SCA presents an analogy of looking at the gene sequences in a rose to figure out how it smells. While it can identify sequences that makes the rose susceptible to certain virii, it's impossible to jump a level and understand what that sequence is for and how it manifests itself into the smell.

A big advantage of fuzzing over SCA is fuzzing's availability to anyone and everyone, especially network operators who purchase black-box products where the system is purely defined by how it interacts with the rest of the environment.  This allows network operators and their vendor suppliers to apply metrics to product quality before, during and even post deployment WITHOUT necessarily having the source code.

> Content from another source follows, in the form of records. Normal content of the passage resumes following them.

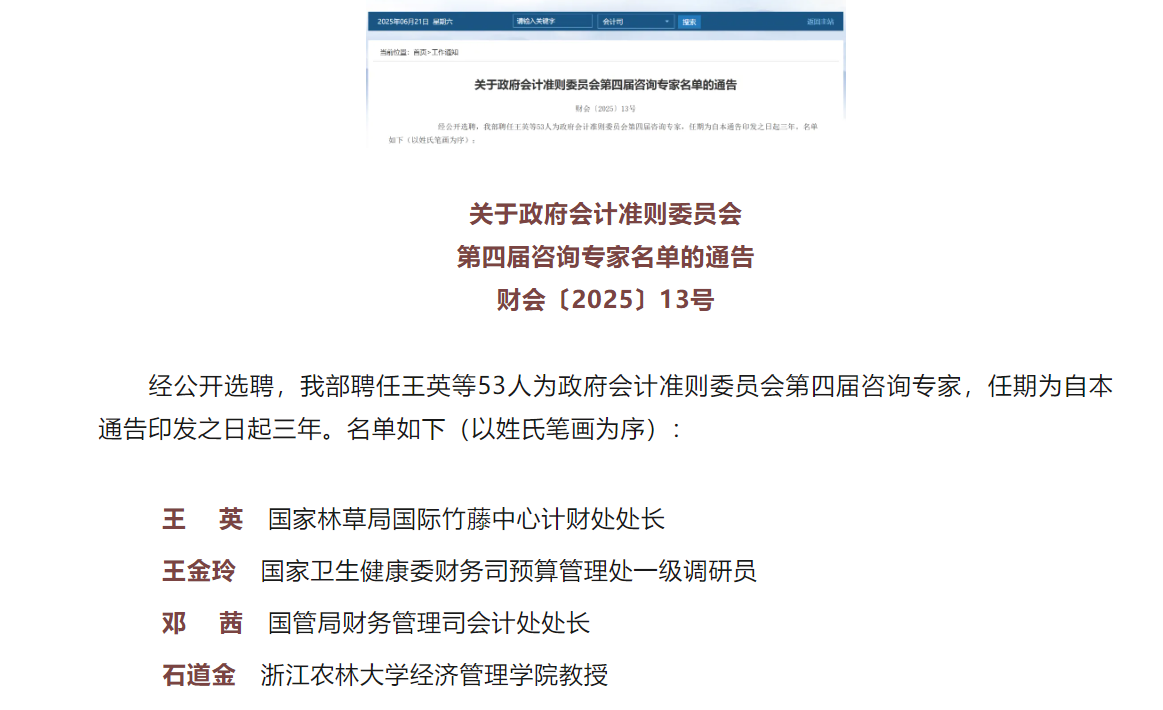 2025年6月20日,财政部官方网站发布通告,正式聘任best365手机版官方网站best365手机版官方网站石道金教授为政府会计准则委员会第四届咨询专家。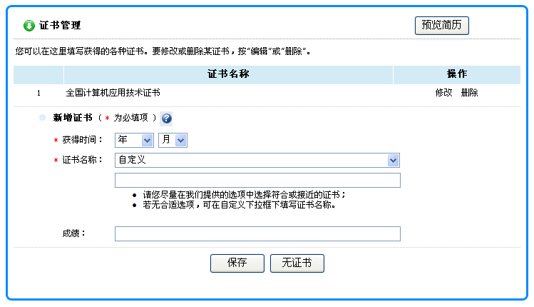 1)進(jìn)入"個(gè)人管理中心",位于左側(cè)子欄目的"簡(jiǎn)歷維護(hù)",點(diǎn)擊"個(gè)人證書(shū)管理"。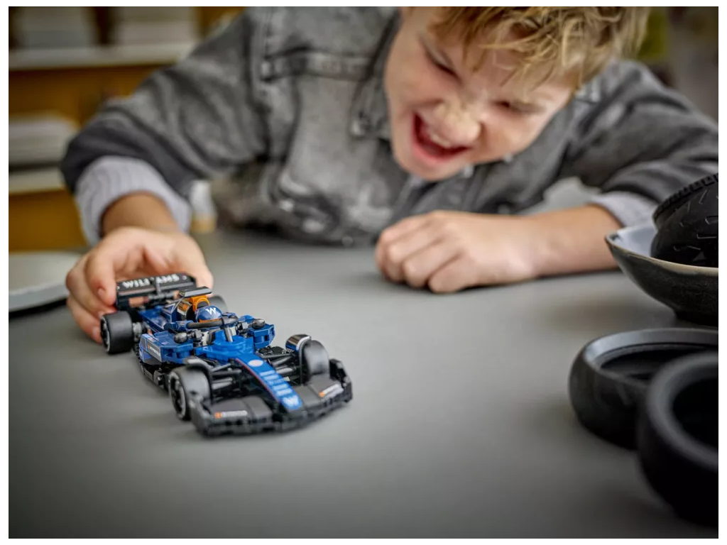 - 1 minifigurka – Tato stavebnice vozidla obsahuje minifigurku řidiče v outfitu Williams Racing s okřídlenou helmou, kterou děti usadí do kokpitu a vydají se s ní na napínavé závody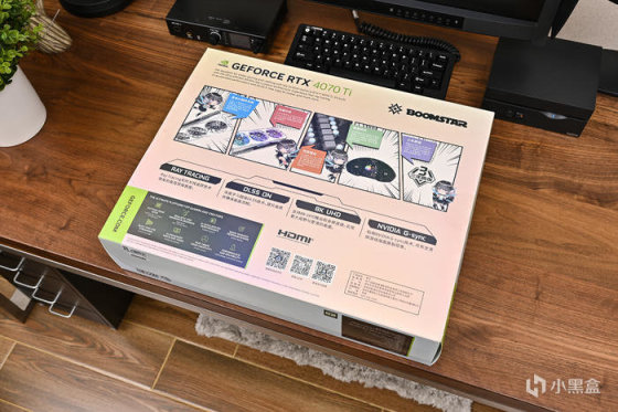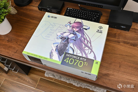 影驰 Galaxy GeForce RTX 4070Ti 12GB 星曜 OC 外包装非常巨大,中央是二次元形象全新盖板的星曜娘,机甲风格极具未来感,左上角印有影驰的Logo,右上角印有质保标识,影驰显卡全系支持三年质保,支持个人送保。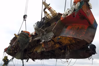 Desde entonces y hasta el lunes, el pecio se encontraba en el lugar del accidente, contra las rocas. Fue este lunes día 19 cuando por fin se llevaron a cabo con éxito las labores para trasladar el barco a Gijón, elevándolo con un sistema de flotadores y remolcándolo después.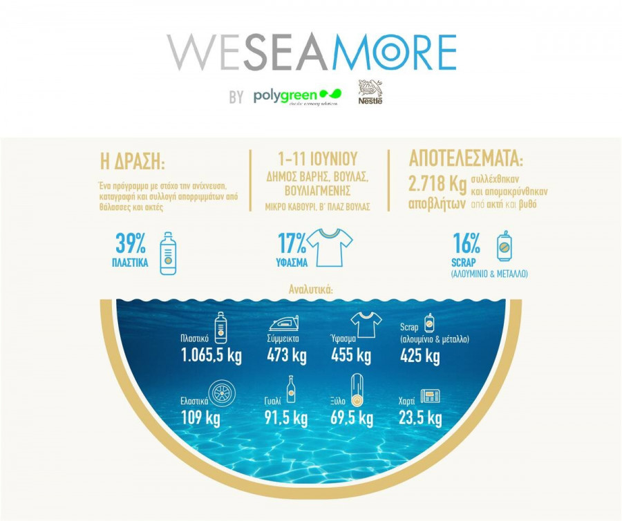 Με μεγάλη επιτυχία ολοκληρώθηκε το WE SEA MORE II, το πρωτοπόρο πρόγραμμα των Polygreen και Nestlé Ελλάς που βασίζεται σε καινοτόμες τεχνολογίες και έχει ως στόχο την ανίχνευση, καταγραφή και συλλογή των απορριμμάτων στο θαλάσσιο οικοσύστημα. Μέσα σε μόλις πέντε ημέρες συλλέχθηκαν περισσότεροι από 2,7 τόνοι αποβλήτων από την αθηναϊκή ριβιέρα, με τους πολίτες και τους επισκέπτες των παραλιών του Αγίου Νικολάου (μικρό Καβούρι) και της Β’ Πλαζ Βούλας να ανταποκρίνονται με θέρμη στο ανοιχτό κάλεσμα του Δήμου Βάρης Βούλας Βουλιαγμένης.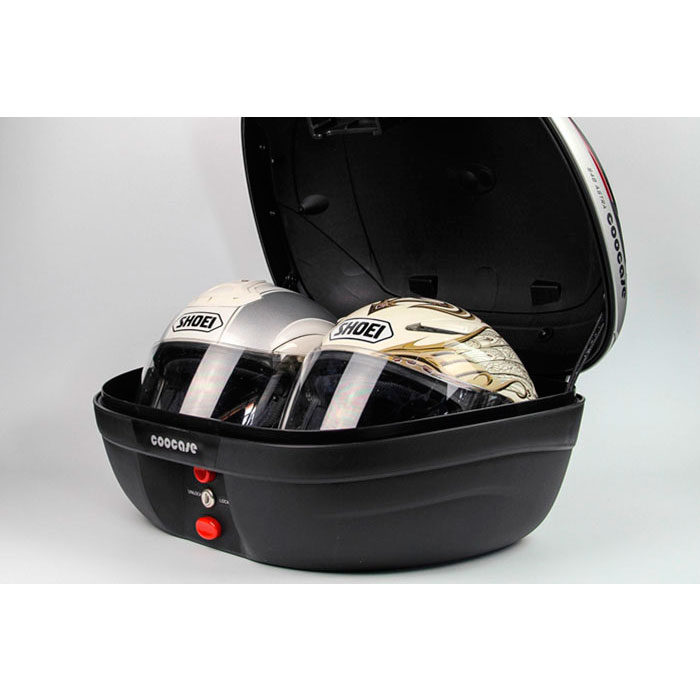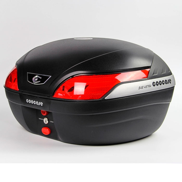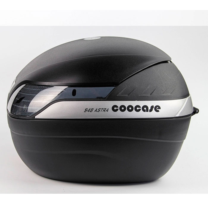 Baúl trasero S48 Astra 48litros capacidad, puedes guardar dos casco en su interior. Marca Coocase, Incluye parrilla universal para la instalación. Elige entre luz Roja o Ahumada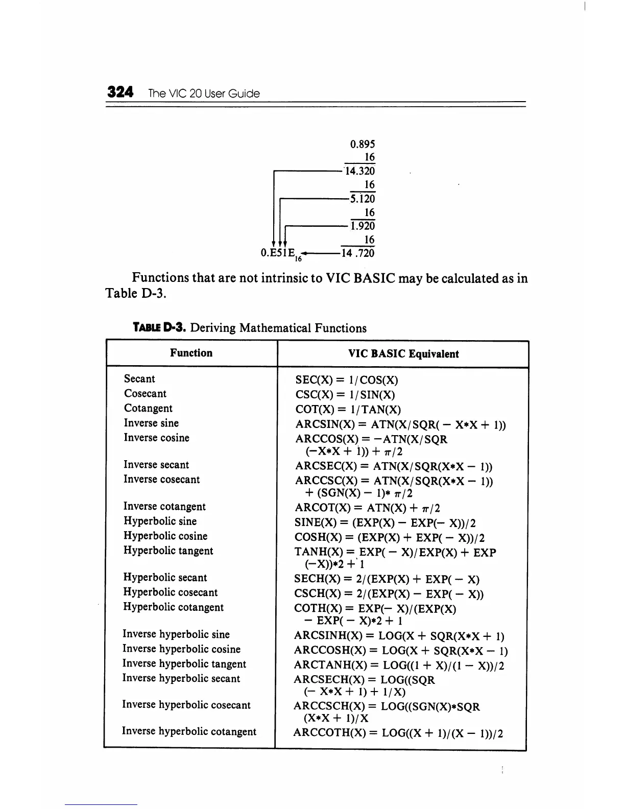 are not intrinsic to VIC BASIC may be calculated as in

When users view fuzzing as primarily an intelligent, automated service-level traffic generator, they suddenly open up testing options for brand new NGN IP application worlds closely linked to reliability and downtime and not just security.  As Mu’s product expands in capability, our customers are looking to model system and application interactions and see how to characterize the runtime behavior of systems in many different ways.  This means Mu will allow users to spot slow-paths in code that leads to degradation of a service by being part of the service itself.  We've seen network operator customer deployment scenarios where Mu analyzer knocked-down a core router for over a second with a single packet.  Nothing crashed, yet there it was, the emergent behavior that's critical to the service being up which may or may not have to do with a specific line of code that caused the problem. As Bruce Schneier puts it, "machines break down, systems have bugs".

At Mu, our customers firmly believe that fuzzing is a very important aspect of their SDLC as well as the overall product deployment life cycle.  And, these customers clearly realize fuzzing is far from a single-purpose engine to uncover security vulnerabilities.  A very big aspect of fuzzing has always been the expert operator requirement to interpret the results.  Mu spends a large chunk of product development in making both the operation and result interpretation processes incredibly easier and automated for the end user.  Another big observation from our customers early on in the product design centered on building our product engine purely for the sake of fuzzing - it didn't scale beyond the first few protocols.  So instead operators and vendors had us focus on getting the positive interactions working and even the variation generation is internally very heavily automated and leveraged across different domains – VoIP, Routing, Real Time Media, and Storage etc.  

The overall objective our 100+ customer deployments want, of course, is to interoperate in an extensible way with the widest range of applications and systems as possible.  This extensibility allows us to apply the same fuzzing engine in a very target-specific way avoiding the limitations of SCA in a vendor-specific, source code required, least-common-denominator fashion.